Its share price has fallen 40 per cent in the past five years.
Concerns began
In 2019, Jarden head of research Arie Dekker publicly raised concerns about the retirement village sector’s debt and the vacuum of information surrounding it.
“The absolute quantum of leverage in the sector has increased materially, and the ability of the sector to handle this leverage in a major downturn is, in our view, questionable,” Dekker told me in 2019.
“Certainly, more transparency is needed for the investors.”
The chorus of concern grew louder with Ibbotson jumping on the issue in October 2020, downgrading Ryman to a neutral rating, from outperform.
In 2021, Umbers entered. He was hired into the top job following a career leading supermarkets and retailers in Australia and Germany.
In the year to March 31, 2022, Ryman’s profits and revenue grew at double-digit rates. So it added more debt, issuing another $290m through a second US private placement - which is what it’s now being forced to repay ahead of time.
Months later, the valuation of its portfolio started slipping, causing profits to fall.
The mood at Ryman seemingly changed.
In a sign its finances were in need of fixing, it announced a dividend reinvestment plan to raise up to $44m in equity at its first-half result for financial year 2023.
Criticism continued, as analysts tasked with watching Ryman like hawks said it was not enough.
“Small sip of the cup unlikely to quench thirst,” Dekker’s note to clients in December was titled.
Its share price fell further.
Ibbotson said the devaluing of retirement village operators on the market was “a Ryman problem, not a sector problem”.

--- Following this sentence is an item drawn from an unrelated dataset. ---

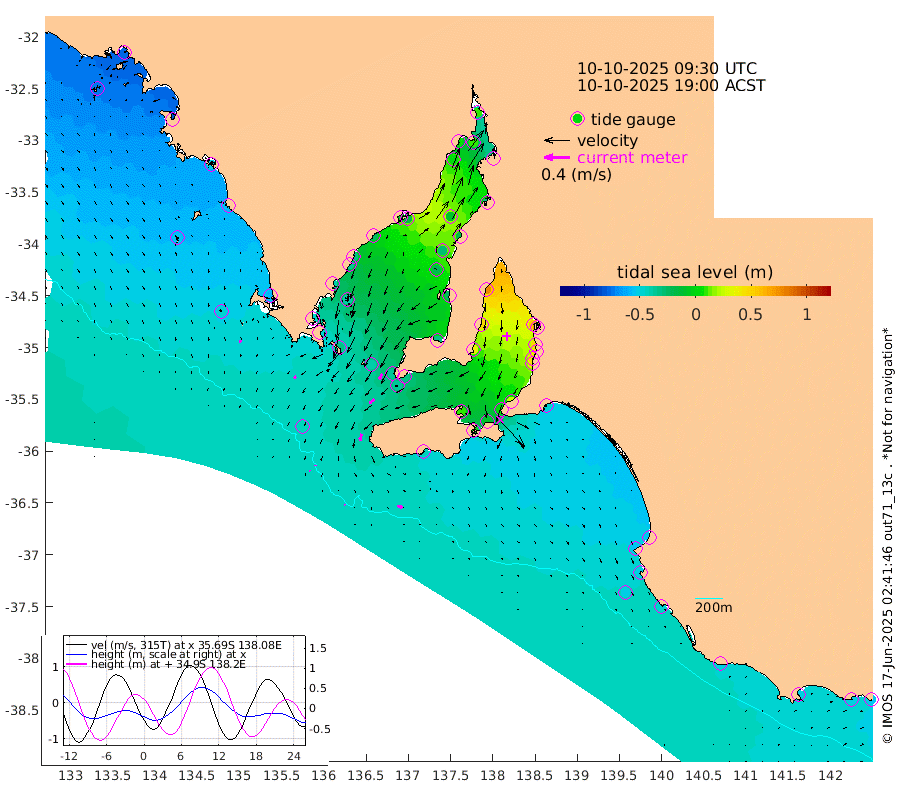 1cm/s 111T +10cm/s rms + 5cm/s 114T. SAM1DS 520m 4cm/s -131T +13cm/s rms + 5cm/s -36T. SAM2CP 100m 2cm/s -8T +21cm/s rms + 18cm/s 142T. SAM3MS 168m 8cm/s 106T +22cm/s rms + 0cm/s -30T. SAM4CY 117m 4cm/s 163T +23cm/s rms + 2cm/s 99T. SAM5CB 94m 10cm/s -126T +8cm/s rms + 3cm/s -172T. SAM6IS 83m 1cm/s -16T +11cm/s rms + 7cm/s 150T. SAM7DS 519m 10cm/s -155T +10cm/s rms + 2cm/s 87T. SAM8SG 47m 11cm/s -165T +20cm/s rms + 12cm/s -168T. NRSKAI 101m -53cm Warrnambool -49cm Port Fairy -50cm Portland -49cm Port Macdonnell -46cm Beachport -49cm Cape Rabelais (off) -50cm Robe -54cm Cape Jaffa -53cm Kingston -47cm Victor Harbor -44cm Vivonne Bay 8cm Kingscote 3cm American River -9cm Penneshaw 4cm Cape Jervis 23cm Second Valley 40cm Port Noarlunga 43cm Port Stanvac 47cm Brighton 48cm Glenelg 59cm Port Adelaide (Outer Harbor) 70cm Angus Inlet (Garden Island) 77cm Ardrossan 47cm Port Vincent 34cm Port Giles -32cm Stenhouse Bay -37cm Althorpe Island -36cm Pondalowie Bay -31cm Point Turton -26cm Port Victoria -22cm Cape Elizabeth -26cm Tiparra Reef Light -16cm Wallaroo -8cm Middle Bank -32cm Port Broughton -6cm Port Pirie 10cm Red Cliff Point (Beacon 5) 8cm Port Bonython 7cm Whyalla 1cm Western Shoal Beacon -5cm Franklin Harbor -16cm Franklin Harbor Entrance Beacon -24cm Arno Bay -33cm Port Neill -35cm Cape Hardy -39cm Tumby Bay -40cm Reevesby Island -45cm Port Lincoln -46cm Taylors Landing -32cm Whalers Bay -41cm Wedge Island Mooring -44cm Shelf Edge Mooring -57cm Coffin Bay Entrance Beacon -48cm Greenly Island -58cm Elliston -53cm Pearson Island -49cm Venus Bay -79cm Blanche Port (Streaky Bay) -76cm Thevenard -71cm St Francis Island

This year he told meit could be forced to raise as much as $1b in capital. He was almost bang on the money.
When I asked Umbers if a capital raise was being considered in January this year, he did not say.

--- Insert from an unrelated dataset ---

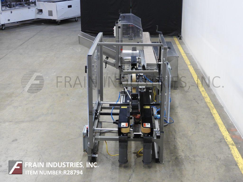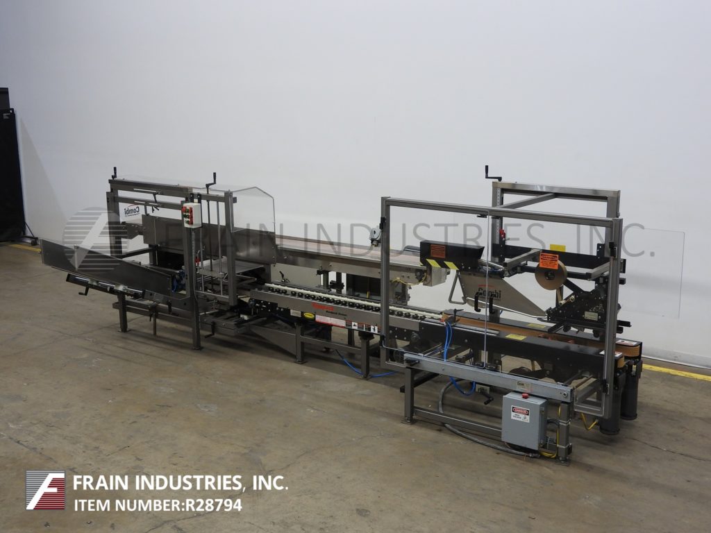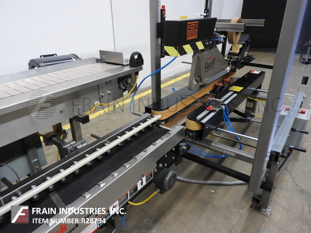 返回所有设备Combi America,型号E-2500 Ergopack,装箱系统。根据材料、应用、机器配置和操作人员的熟练程度,每分钟可测试5到12个案例。外壳尺寸范围:8½“至20”长度;宽度4-3/4“至13½”;4英寸至19-1/2英寸高。配有42“长空白杂志,(3)吸盘往复式选择和地点,轻度和重度皮瓣意见的情况下,机械推杆,7½“宽x 143“长缩醛树脂产品输送机平行8“宽x 70”长输送机,70“长x 3“宽双爪带通过封口机和2”顶部/底部胶带。系统为手摇曲柄可调,配有莱克森联锁安全保护及调平支腿。控制面板上设有两个手动循环控制和按钮操作控制。

Highlighting the dividend reinvestment plan, he said he was “mindful” of its debt position.
If Ryman raised capital two years ago when its share price was worth $17, not the $6.40 it is now, it could have made the same amount of money by only issuing less than half as much equity.

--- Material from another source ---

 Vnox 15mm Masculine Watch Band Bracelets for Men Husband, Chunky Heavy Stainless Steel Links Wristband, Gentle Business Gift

Ibbotson didn’t say “I told you so” this week, but laughed when I suggested he could. He was actually preparing to write another critical note when the raise was unexpectedly announced.
Cash flow still a snag
In October, Dekker called the retirement sector “asset rich, cash poor” highlighting it needed to do more to prove it could generate better cash returns.
This week’s raise did not remediate Dekker’s view. His report this week said $902m would not alleviate its underlying issue of negative cash flow.
“Critically, we believe a large part of the operations remains a black box.”
Ibbotson agreed many questions remained unanswered, but he applauded Ryman’s commitment to return to positive free cash flow by the 2025 financial year.
Interest rate mystery
Of course, Ryman still has debt - $2.24b to be exact, if its capital raise offer is taken up in full.
When I asked what its average interest rate was on its remaining “mortgage”, Umbers would not say.
“We haven’t shared it, as it happens.”
Instead, he talked up the ageing, wealthy baby boomer population that would need somewhere to live and be cared for if they sold up the family home.
That’s the central view that convinced Ryman’s management it could load up on so much debt in the first place.
While its words may not have changed, its actions have - and asking the market for help speaks volumes.
The question now is if investors want anything to do with it and its ageing clientele.